Garo Antreasian

Overview

Antreasian’s rhythmic architectural, geometric, and ornamental shapes and colors, synthesis of multiple visual and textual traditions, and subversion of distinct artistic categories all point to the breadth of his multifaceted and ambitious creative output. 

 

Committed to a geometric formal language since the mid-1960s, Antreasian spoke that language idiosyncratically, in a rich, modulated voice. Although his compositions can be forthright and simple, they never confront the eye with minimalist austerity. Rather, they brim with lovingly fashioned and rhythmically repeated detail. The works Antreasian fashioned from inlaid laminated wood reflect upon the exquisite craftsmanship of his sources, divorcing them from their functional origin. Similarly, his many works reliant on script - Arabic, Armenian, Latin - free line and contour from the rigors of verbal communication, allowing various alphabets to run free in a neo-Futurist “parole in libertà."

 

In the 1960s, a time when lithography was a dying art, Antreasian helped pioneer the revival of lithography through the Tamarind Lithography Workshop, which he co-founded in Los Angeles with June Wayne and Clinton Adams.
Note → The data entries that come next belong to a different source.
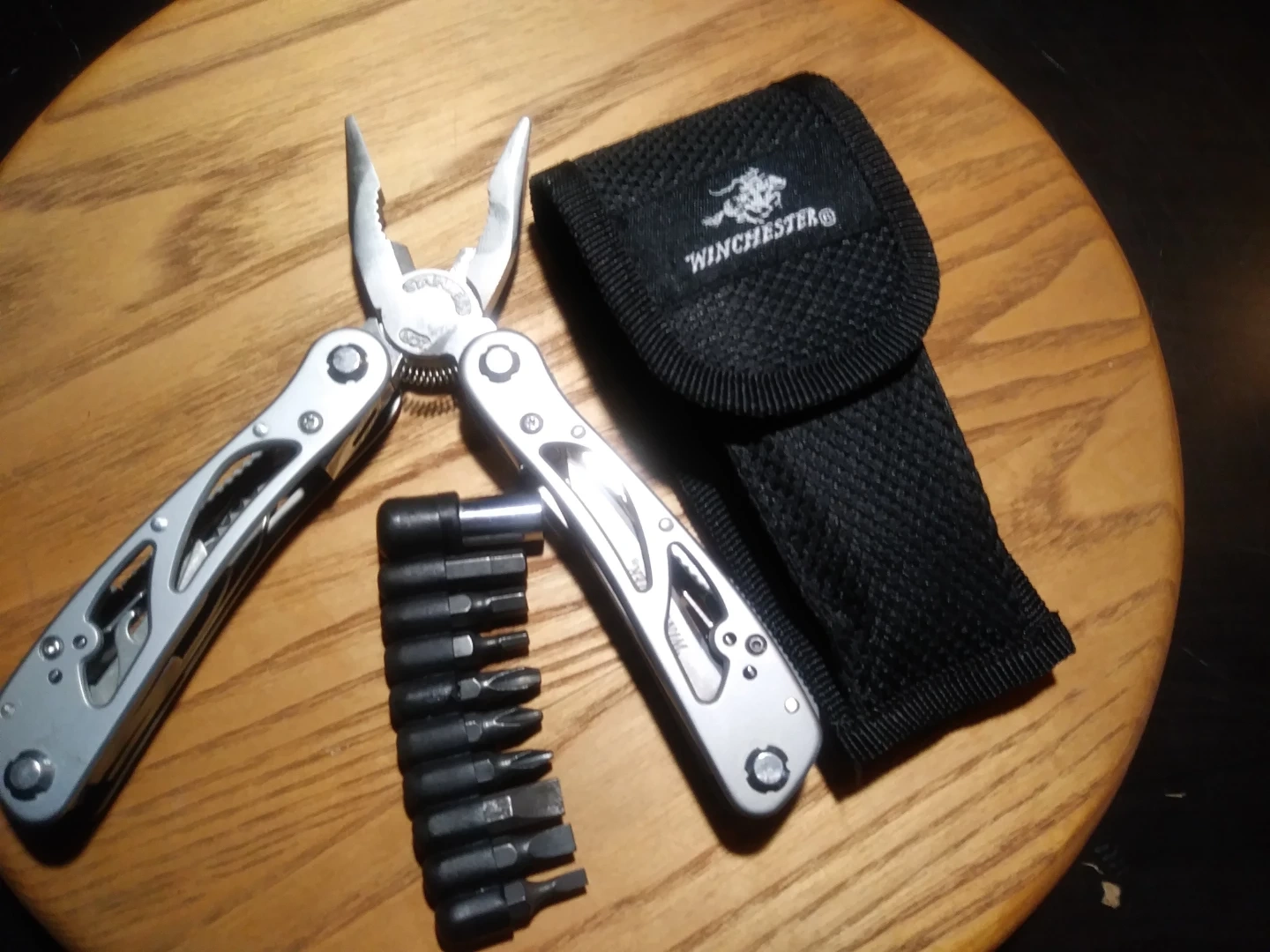 This is a Winchester multi-tool. It includes a variety of bits for different jobs. It also comes with a black nylon carrying pouch. This tool is handy for quick fixes and repairs.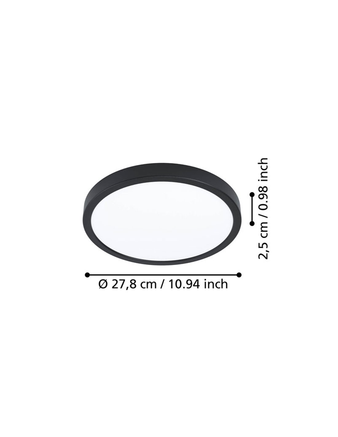 LED Downlight schwarz für Oberflächenmontage Ø280mm FUEVA 6, 14,2W 1800Lm CCT, IP20. Ultra-dünnes Design von 25 mm, 1800 Lm und regulierbares Licht CCT 2700K / 4000K / 6500K. Nutzung für Innenräume IP20. Maße: Ø 280mm x 25mm.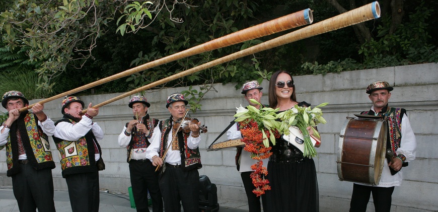 ![]() «Червону руту не шукай вечорами». Аурика Ротару устроила сестре сюрприз — привезла молдавский ансамбль «Флуераш». София Михайловна, не собиравшаяся на своем празднике петь, не смогла усидеть на месте... (Когда она исполняла молдавскую народную песню, Ян Табачник плакал навзрыд. Оказалось, эту же песню пела его покойная мама). Потом София Михайловна сбросила туфли и босиком танцевала молдавские танцы вместе со своими сестрами и братьями... Кстати, в фойе Белого зала были выставлены концертные платья Ротару, в том числе то, в котором она исполняла легендарную «Червону руту» |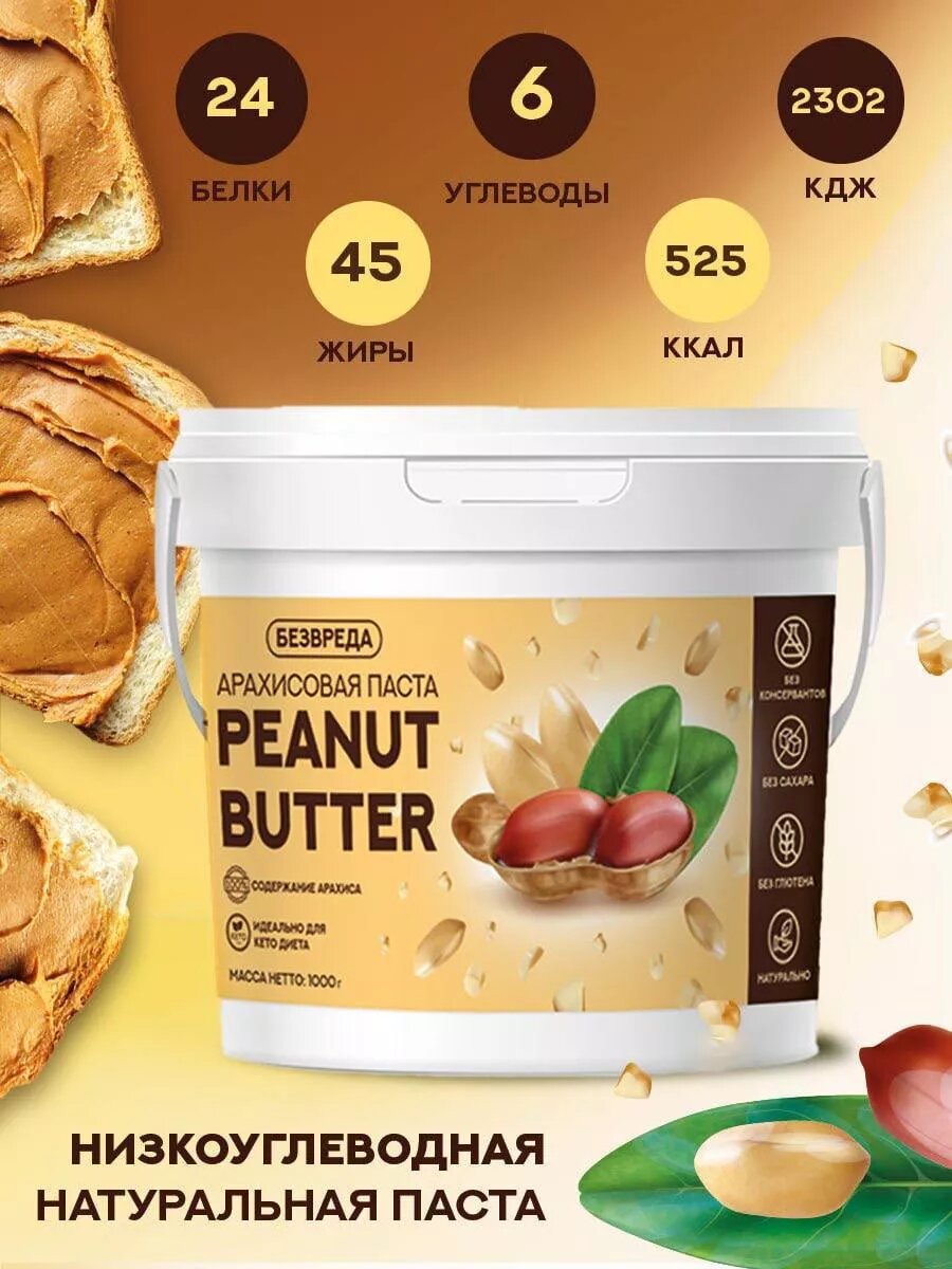 Арахисовая паста "безвреда" без сахара низкоуглеводная 1 кг интересное: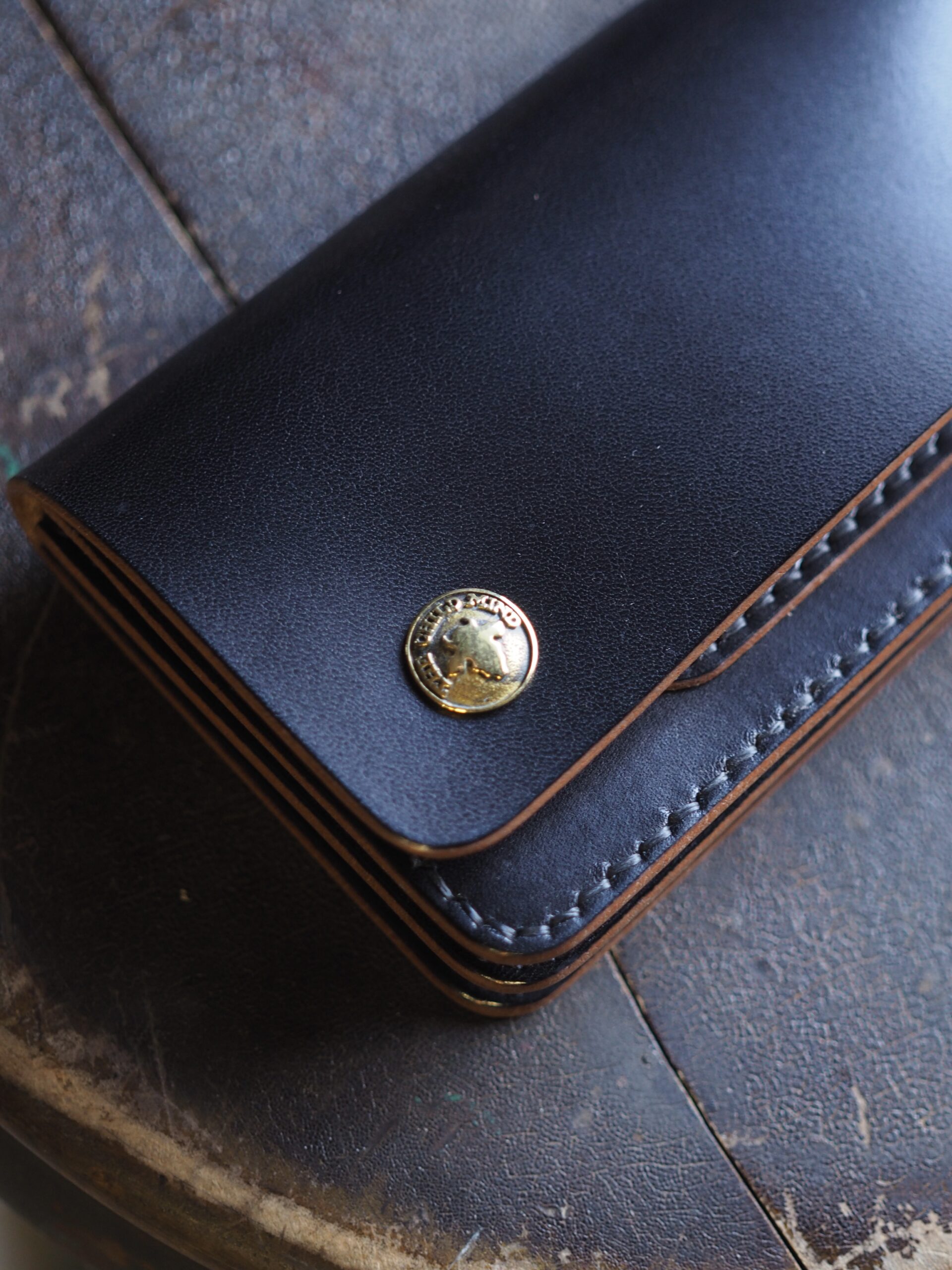 縫い目のないフラップ、少しだけ見えるカードケース、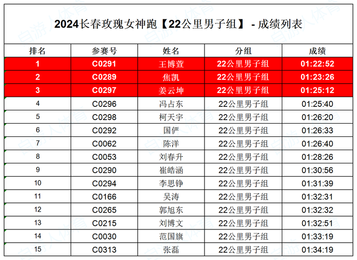半程男子组冠军由来自吉林省体育学院的王博萱摘得;成绩1小时22分52秒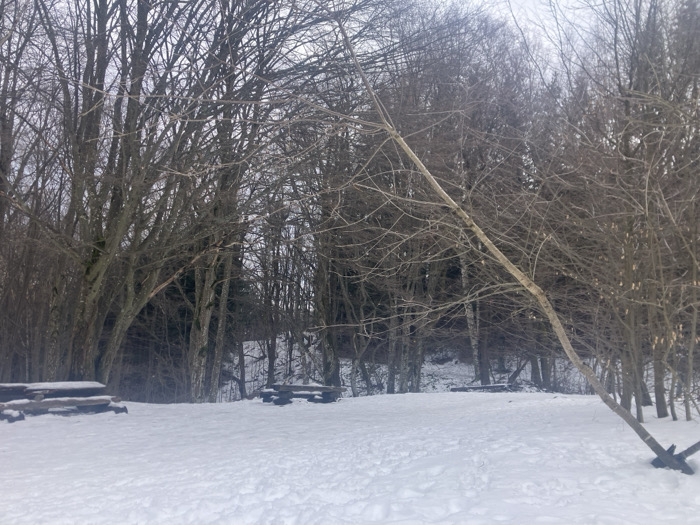 - "The image depicts a snowy outdoor scene at a picnic area situated within a bare deciduous forest in Bistritsa, Bulgaria, under an overcast sky" by FM-6nb8J2, licensed under CC BY 4.0

Under Antreasian's guidance as the technical director, the Tamarind Lithography Workshop became a hub for artists, providing them with the necessary resources, expertise, and collaborative environment to explore lithography.

 

In 1982 Antreasian made a trip to the Near East in search of his Armenian roots which launched a crucial change in the artist’s practice. Heavily influenced by the intricate qualities of pattern and design in Islamic ornament and opened up to a new range of ethnic crafts, Antreasian began to paint on wood panels that he enhanced with balsa-wood strips to produce an array of rhythmic patterns in relief. The acutely organized and meticulously crafted artworks that Antreasian fashioned from inlaid laminated wood shows the artist tracking affinities in a range of artistic practices — Middle Eastern and Islamic tile- work and textiles traditions; the carved doors, tribal shields, and wicker mats of African iconography; and the monumental forms that evoke the ancient Mediterranean cultures.

 

Garo Antreasian (b. Indianapolis, IN, 1922) recieved his BFA from the Herron School of Art, Indianapolis, IN, in 1948. Antreaisan's exhibition history spans more than 50 years. His paintings, drawings, and master prints are part of the collections of over 60 museums across the United States, including the Museum of Modern Art, New York, NY; the Metropolitan Museum of Art, New York, NY; the Norton Simon Museum, Pasadena, CA; the Los Angeles County Museum of Art, Los Angeles, CA; the Art Institute of Chicago, Chicago, IL; the Indianapolis Museum of Art, Indianapolis, IN; the Guggenheim Museum, New York, NY, the National Gallery of Art, Washington, DC; the Philadelphia Museum of Art, Philadelphia, PA; and the Museum of Fine Arts, Santa Fe, NM. Antreasian has been the subject of solo exhibtions at the John Herron School of Art (2013); the Roswell Museum and Art Center (2011); New Mexico State Universtiy (1998); the Indianapolis Museum of Art (1994); the Albuquerque Museum (1988), Atlanta College of Art (1974). His work has been featured in shows that include the Minnesota Museum of American Art (2008); Sam P. Harn Museum of Art (1991); Worcester Art Museum (1989); Colorado Springs Fine Art Center (1986).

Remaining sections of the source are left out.